When your employer must pay, what they must include, and what you can do if they're late.
Enter your last day and pay schedule — get the specific date your check is legally due.
→ Use the CalculatorLouisiana uses a practical "sooner of" approach to final paycheck timing. Your employer must pay you by whichever deadline comes first: Within 15 calendar days or Your next regular payday. This ensures you don't wait an unusually long time simply because your next regular payday is far away.
Under La. Rev. Stat. Ann. § 23:631, this rule applies whether you are fired or resign. The clock starts on your last day of work, and your employer must monitor both timelines to determine which deadline hits first.
In practice, if your regular payday is in a few days, you'll likely be paid then. If your next payday is two or three weeks away, the alternative cap kicks in and forces earlier payment.
If your employer in Louisiana fails to pay your final wages on time, they face a significant consequence: your wages continue to accrue at your regular rate of pay — as a penalty — for up to the number of days specified in La. Rev. Stat. Ann. § 23:631. This "wage continuation" penalty is one of the more powerful employer deterrents in the region.
In practice, this means the longer your employer delays, the more they owe.
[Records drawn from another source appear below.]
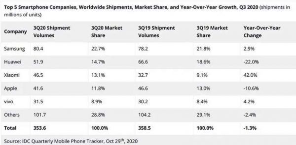 IDC数据显示,第三季度全球智能机出货量为3.536亿部,较上年同期下滑1.3%。三星继续以22.7%的市场占有率排名第一。华为位居第二,但出货量同比下滑22%至5190万部,市场占有率为14.7%。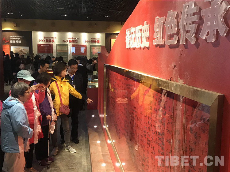 圖為十八軍老戰(zhàn)士及十八軍后代一行在甘孜縣朱德總司令和五世格達(dá)活佛紀(jì)念館內(nèi)參觀。攝影:龍真多吉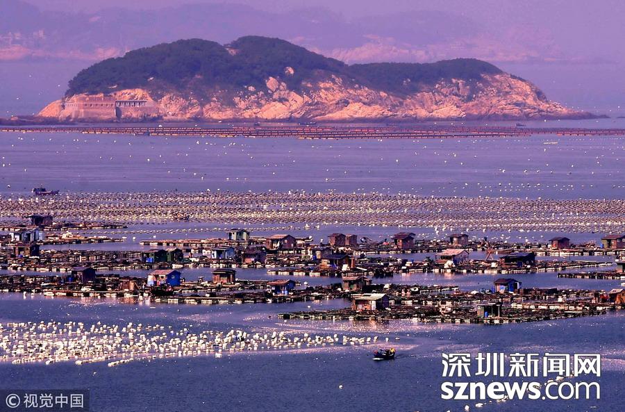 深圳新聞網(wǎng)訊 2018年10月26日,在福建連江海域上,“海上田園”網(wǎng)箱羅列,漁排上搭建的木屋錯落成“戶”,蔚為壯觀,成為一道獨特的風(fēng)景線。福建省連江縣是中國鮑魚養(yǎng)殖第一大縣。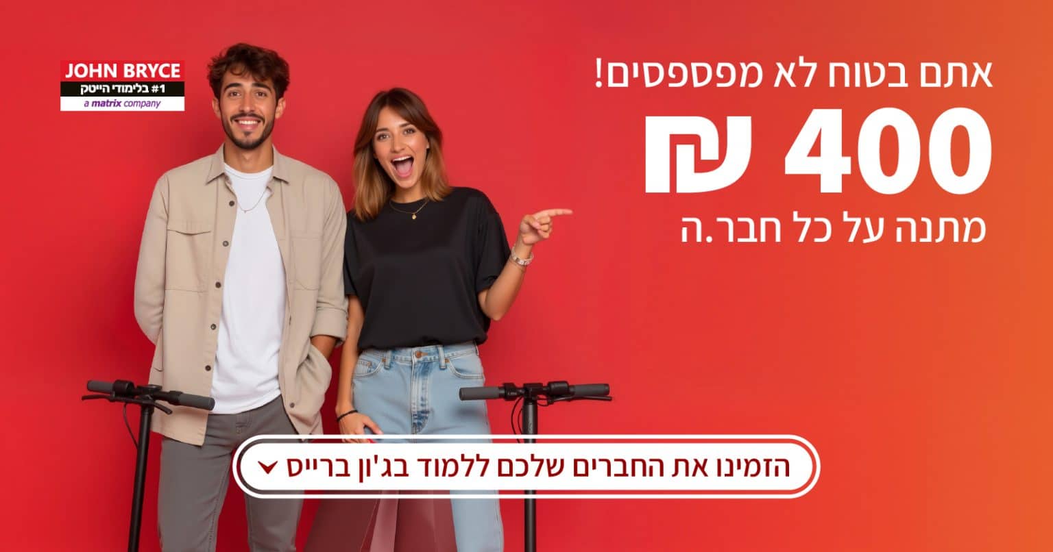 קבלת ההטבה מותנת ברישום חדש שאינו קיים במאגר הלקוחות של החברה ובהרשמה לקורס הסבה מלא בלבד | אין כפל הטבות ומבצעים | ג'ון ברייס שומרת לעצמה את הזכות לשנות ו/או להפסיק את ההטבה בכל עת | ט.ל.ח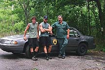 Taking a break with Desperado, a park ranger who leaves water and snacks for hikers. He was sort of a myth until we met him in person. He gave us his turkey sandwich. What a nice guy.

If your daily rate is $200 and they're 30 days late, you're owed $6,000 in penalty wages on top of whatever they already owe you — and the penalty keeps accruing up to the statutory cap.
File a wage claim with the Louisiana Workforce Commission to trigger this penalty. The agency will calculate and apply it as part of your claim.
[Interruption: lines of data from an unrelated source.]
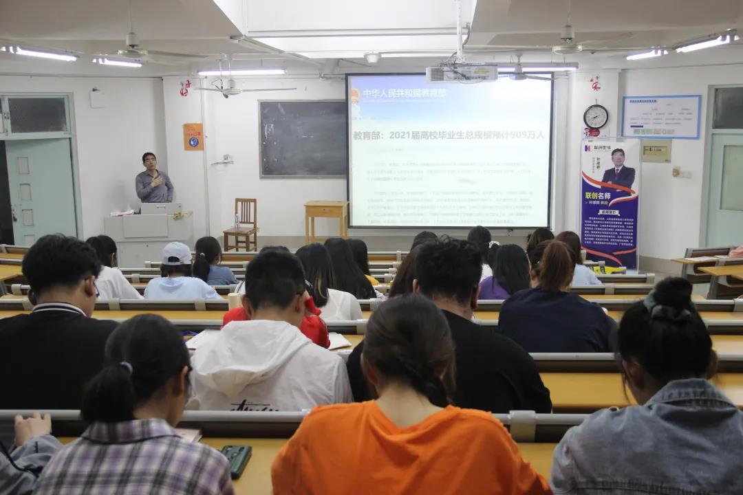 职海茫茫,人才领航。活动在主持人热情洋溢的开场白中正式拉开帷幕。在进行了简单的自我介绍后,孙建鹏教授结合PPT就2022年公职类就业趋势、公职类考试备考指导两个方面展开详细的讲解。孙教授以2021届高校毕业生就业情况和规模为切入点,紧紧围绕当前社会形势,结合自身经验,对未来的就业趋势进行精准预测和分析,并结合不同专业的招录情况,提出合理建议。
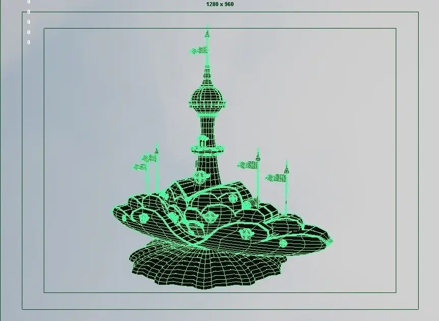 Cartoony Stylized Love Castle with windmill, fountain & bridges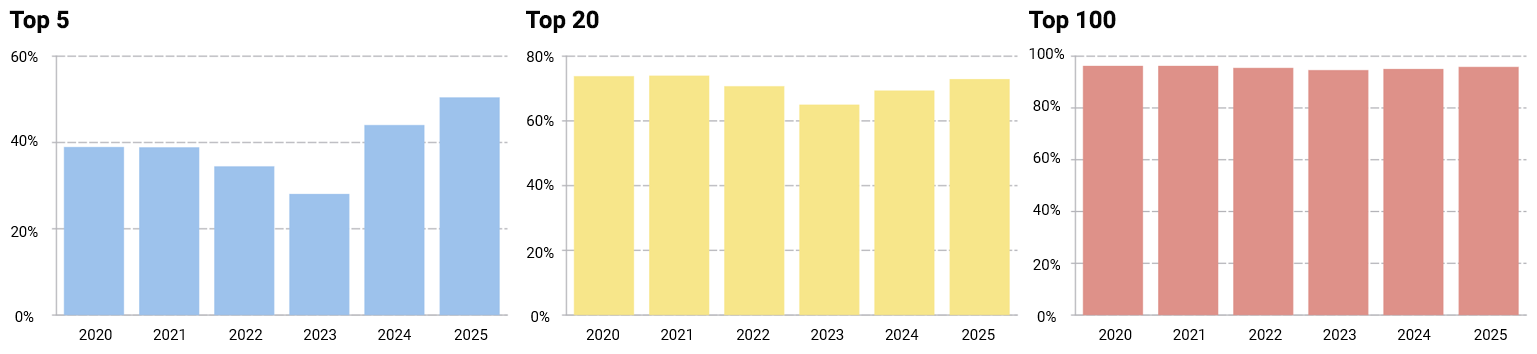 Long-standing market leaders continue to hold their ground year after year, making it harder for newcomers to break through—especially for western developers, as only 25% of their projects make it to the top 100.

Louisiana does not have a blanket law requiring employers to pay out unused vacation or PTO when an employee separates. Whether you receive a payout depends on your employer's written policy and any employment contract you signed.
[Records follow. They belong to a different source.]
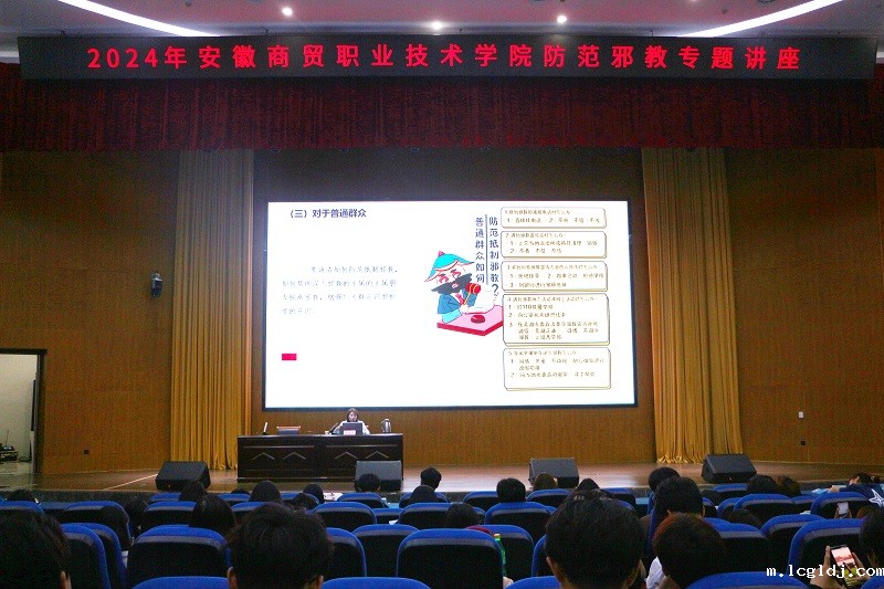本次活动邀请芜湖市委政法委反邪教协调科科长朱婷婷作防范邪教专题讲座,约500名师生聆听讲座。朱婷婷通过视频、图片等方式,结合高校学生的真实案例,向师生们阐述了邪教的本质、特点、危害以及防范策略,为师生们提供了宝贵的反邪教知识。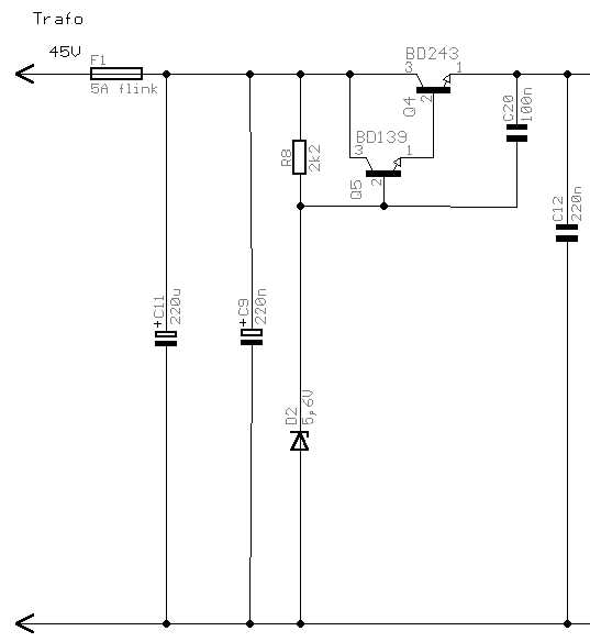 Der Kondensator C18 dient zur Glättung der Betriebsspannung. Die Kondensatoren C17 und C06 sind Entstörkondensatoren. C03 unterdrückt die bei der Spannungsregelung auftretenden Regelschwingungen. Transistor T02 und T03 bilden eine Darlingtonstufe. Bei schwankender Ausgangsspannung wird über die Masche Uz = UBE + Ua Ua konstant gehalten, da die Basis- Emitter Spannung durch den veränderten Basisstrom variiert.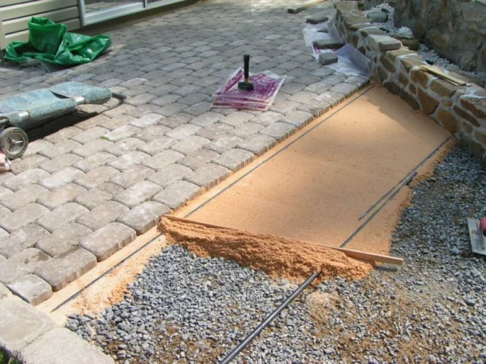 - Песчаное. Самый простой и дышащий вариант. На утрамбованный песок укладывается плитка. Отлично подходит для сухих, стабильных грунтов и пешеходных дорожек. Главный плюс — великолепный дренаж.

If your employer's policy says PTO or vacation will be paid out upon separation, they are generally bound by that promise — and failure to honor it could be a wage violation. But in the absence of such a policy, Louisiana does not impose a payout obligation by law.
Review your employee handbook or offer letter carefully. If you believe you are owed PTO that was contractually promised, raise the issue when you file a wage claim.
If your employer hasn't paid your final wages on time, your primary resource is the Louisiana Workforce Commission. Filing a wage claim is free and does not require an attorney. The process generally works like this: you submit a written complaint, the agency contacts your employer, and a settlement conference or hearing is scheduled if the employer disputes the claim.
Most employers respond quickly once a formal wage claim is opened — because penalties and interest often keep accruing during the dispute, delaying resolution makes their situation worse. Come prepared with your last pay stub, your separation date, time records if available, and any written communication about your final paycheck.
Alternatively, you can file a lawsuit in small claims court (for amounts within the small claims limit) without an attorney, or hire a private employment attorney for larger claims. Many employment lawyers handle wage theft cases on contingency, meaning you pay nothing unless they recover wages for you.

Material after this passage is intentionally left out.